We excluded men who were deceased (n = 4), reported periodontitis (n = 8955), reported myocardial infarction or stroke (n = 1884), or provided inadequate dietary information (n = 1225) in 1986, leaving 39,461 men eligible for follow-up.

Assessment of Alcohol Consumption
We estimated alcohol intake during the previous year from a semi-quantitative food-frequency questionnaire (FFQ), sent to the participants in 1986, 1990, and 1994. The FFQ included questions about how often, on average, the men consumed beer (1 bottle or can), wine (4-oz glass), and liquor (1 drink or shot) in the past year. For each of these items, the participants could select 1 of 9 responses, ranging from never or less than once/month to > 6 times/day. The alcohol content is estimated to be 12.8 g for a bottle of beer, 11.0 g for a glass of wine, and 14.0 g for a drink of liquor. We calculated total alcohol consumption in grams by summing the beverage-specific product of the average daily consumption of beer, wine, and liquor and the alcohol content of that beverage.

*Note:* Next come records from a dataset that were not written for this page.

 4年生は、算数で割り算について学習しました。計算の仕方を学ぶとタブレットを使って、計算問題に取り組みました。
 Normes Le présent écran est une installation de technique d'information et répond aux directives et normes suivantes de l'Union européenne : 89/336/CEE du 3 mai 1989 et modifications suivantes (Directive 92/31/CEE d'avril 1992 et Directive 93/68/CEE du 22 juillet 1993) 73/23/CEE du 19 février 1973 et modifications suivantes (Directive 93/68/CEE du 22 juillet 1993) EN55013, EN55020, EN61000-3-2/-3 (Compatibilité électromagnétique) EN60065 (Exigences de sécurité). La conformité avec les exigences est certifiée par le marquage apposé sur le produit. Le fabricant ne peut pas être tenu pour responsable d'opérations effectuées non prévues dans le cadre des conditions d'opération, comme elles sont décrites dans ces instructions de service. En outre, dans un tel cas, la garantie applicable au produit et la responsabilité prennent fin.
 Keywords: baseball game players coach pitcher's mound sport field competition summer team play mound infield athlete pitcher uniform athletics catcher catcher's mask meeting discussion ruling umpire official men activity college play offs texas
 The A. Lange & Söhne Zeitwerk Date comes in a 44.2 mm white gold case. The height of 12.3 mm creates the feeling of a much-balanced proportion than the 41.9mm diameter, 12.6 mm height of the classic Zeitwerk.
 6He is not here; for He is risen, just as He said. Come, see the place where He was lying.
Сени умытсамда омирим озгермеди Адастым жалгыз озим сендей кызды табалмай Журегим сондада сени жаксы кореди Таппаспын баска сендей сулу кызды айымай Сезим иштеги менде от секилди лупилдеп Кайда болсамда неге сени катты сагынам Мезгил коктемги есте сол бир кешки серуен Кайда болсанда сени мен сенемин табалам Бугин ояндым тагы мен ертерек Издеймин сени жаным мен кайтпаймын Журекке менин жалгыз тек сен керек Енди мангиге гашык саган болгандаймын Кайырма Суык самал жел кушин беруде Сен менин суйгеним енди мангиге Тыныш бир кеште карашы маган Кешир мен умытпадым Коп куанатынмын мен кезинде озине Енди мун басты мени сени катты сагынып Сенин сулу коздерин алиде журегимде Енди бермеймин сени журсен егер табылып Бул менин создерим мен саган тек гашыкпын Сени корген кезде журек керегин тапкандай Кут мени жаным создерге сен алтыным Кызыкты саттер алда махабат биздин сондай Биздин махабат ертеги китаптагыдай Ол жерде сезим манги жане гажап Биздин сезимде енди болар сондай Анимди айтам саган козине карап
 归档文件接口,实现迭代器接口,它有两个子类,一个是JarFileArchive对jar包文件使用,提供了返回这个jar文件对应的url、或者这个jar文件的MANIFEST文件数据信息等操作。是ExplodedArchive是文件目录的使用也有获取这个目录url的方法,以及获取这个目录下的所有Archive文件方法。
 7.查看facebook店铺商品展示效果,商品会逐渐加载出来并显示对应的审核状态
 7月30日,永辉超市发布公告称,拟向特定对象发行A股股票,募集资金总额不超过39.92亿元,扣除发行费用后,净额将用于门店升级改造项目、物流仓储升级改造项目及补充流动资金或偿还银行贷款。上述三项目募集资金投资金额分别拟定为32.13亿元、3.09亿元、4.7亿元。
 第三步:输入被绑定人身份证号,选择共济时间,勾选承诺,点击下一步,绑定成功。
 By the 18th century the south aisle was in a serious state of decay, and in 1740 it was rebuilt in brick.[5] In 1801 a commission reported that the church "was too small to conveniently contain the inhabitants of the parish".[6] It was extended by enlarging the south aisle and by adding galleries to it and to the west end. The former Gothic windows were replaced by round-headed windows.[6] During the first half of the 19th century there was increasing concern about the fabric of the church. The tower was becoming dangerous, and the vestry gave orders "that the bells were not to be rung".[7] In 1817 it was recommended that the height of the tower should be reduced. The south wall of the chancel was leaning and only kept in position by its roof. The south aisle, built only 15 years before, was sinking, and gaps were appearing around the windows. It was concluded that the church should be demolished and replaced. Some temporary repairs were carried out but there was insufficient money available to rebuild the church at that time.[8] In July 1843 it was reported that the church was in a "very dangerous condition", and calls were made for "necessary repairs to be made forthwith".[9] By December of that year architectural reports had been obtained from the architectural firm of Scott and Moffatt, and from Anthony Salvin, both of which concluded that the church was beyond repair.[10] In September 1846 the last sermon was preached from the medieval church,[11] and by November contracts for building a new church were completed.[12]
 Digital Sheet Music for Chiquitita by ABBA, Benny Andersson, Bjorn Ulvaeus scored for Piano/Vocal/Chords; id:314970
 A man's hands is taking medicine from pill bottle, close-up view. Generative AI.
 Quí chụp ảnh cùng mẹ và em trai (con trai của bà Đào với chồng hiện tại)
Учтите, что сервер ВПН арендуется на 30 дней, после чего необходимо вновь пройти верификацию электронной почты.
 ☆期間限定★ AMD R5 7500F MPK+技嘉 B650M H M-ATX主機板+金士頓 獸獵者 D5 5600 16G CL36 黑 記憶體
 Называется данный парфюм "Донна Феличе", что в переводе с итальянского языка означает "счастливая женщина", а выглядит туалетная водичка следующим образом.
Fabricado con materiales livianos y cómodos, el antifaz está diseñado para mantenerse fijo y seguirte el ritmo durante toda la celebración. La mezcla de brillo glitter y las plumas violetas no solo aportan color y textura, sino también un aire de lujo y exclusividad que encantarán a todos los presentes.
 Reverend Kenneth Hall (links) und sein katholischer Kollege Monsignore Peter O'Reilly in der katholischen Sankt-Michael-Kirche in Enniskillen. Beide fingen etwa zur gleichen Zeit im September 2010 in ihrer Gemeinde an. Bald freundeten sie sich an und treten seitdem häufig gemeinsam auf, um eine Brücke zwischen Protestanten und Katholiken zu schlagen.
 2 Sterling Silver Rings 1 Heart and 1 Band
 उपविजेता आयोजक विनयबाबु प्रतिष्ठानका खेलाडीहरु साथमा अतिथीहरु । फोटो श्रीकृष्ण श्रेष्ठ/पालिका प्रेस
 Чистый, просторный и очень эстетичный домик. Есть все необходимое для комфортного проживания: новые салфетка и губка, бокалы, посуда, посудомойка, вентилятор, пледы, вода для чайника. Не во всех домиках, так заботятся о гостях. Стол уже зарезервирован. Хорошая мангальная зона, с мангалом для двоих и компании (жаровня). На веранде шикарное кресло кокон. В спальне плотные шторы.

We evaluated the validity of the FFQ in a random sample of 136 men living in the Boston area (Giovannucci et al., 1991). Intake of alcohol reported over the previous year by the FFQ correlated highly with intake assessed by diet records completed over this period (Spearman r = 0.86, p < 0.001).

Assessment of Periodontitis
We assessed periodontitis every 2 yrs from 1986 to 1998 by a question, "Have you had professionally diagnosed periodontal disease with bone loss?" The positive and negative predictive values of self-report compared with radiographs (assessed in a subsample) were 76% and 74% among dentists (Joshipura et al., 1996) and 83% and 69% for other health professionals (Joshipura et al., 2002).

Statistical Analysis
Participants contributed person-time from the date of return of the baseline questionnaire to the occurrence of periodontitis, death from any cause, or December 31, 1998, whichever came first. Men who reported periodontitis on previous questionnaires were excluded from subsequent follow-up; thus, each participant could contribute only one end point.

We used multivariate pooled logistic regression (D’Agostino et al., 1990) with two-year time intervals to approximate the Cox proportional hazards model. For the primary analyses, we modeled periodontitis risk and cumulatively averaged (Hu et al., 1999) alcohol consumption. In this analysis, if a person had angina, coronary artery bypass graft surgery, myocardial infarction, stroke, cancer, or asthma, we stopped updating his alcohol intake, because he might have changed consumption as a result of the event, and it may not reflect long-term intake. In additional analyses, we related incidence of periodontitis to intake of alcohol at baseline and to the most recent intake.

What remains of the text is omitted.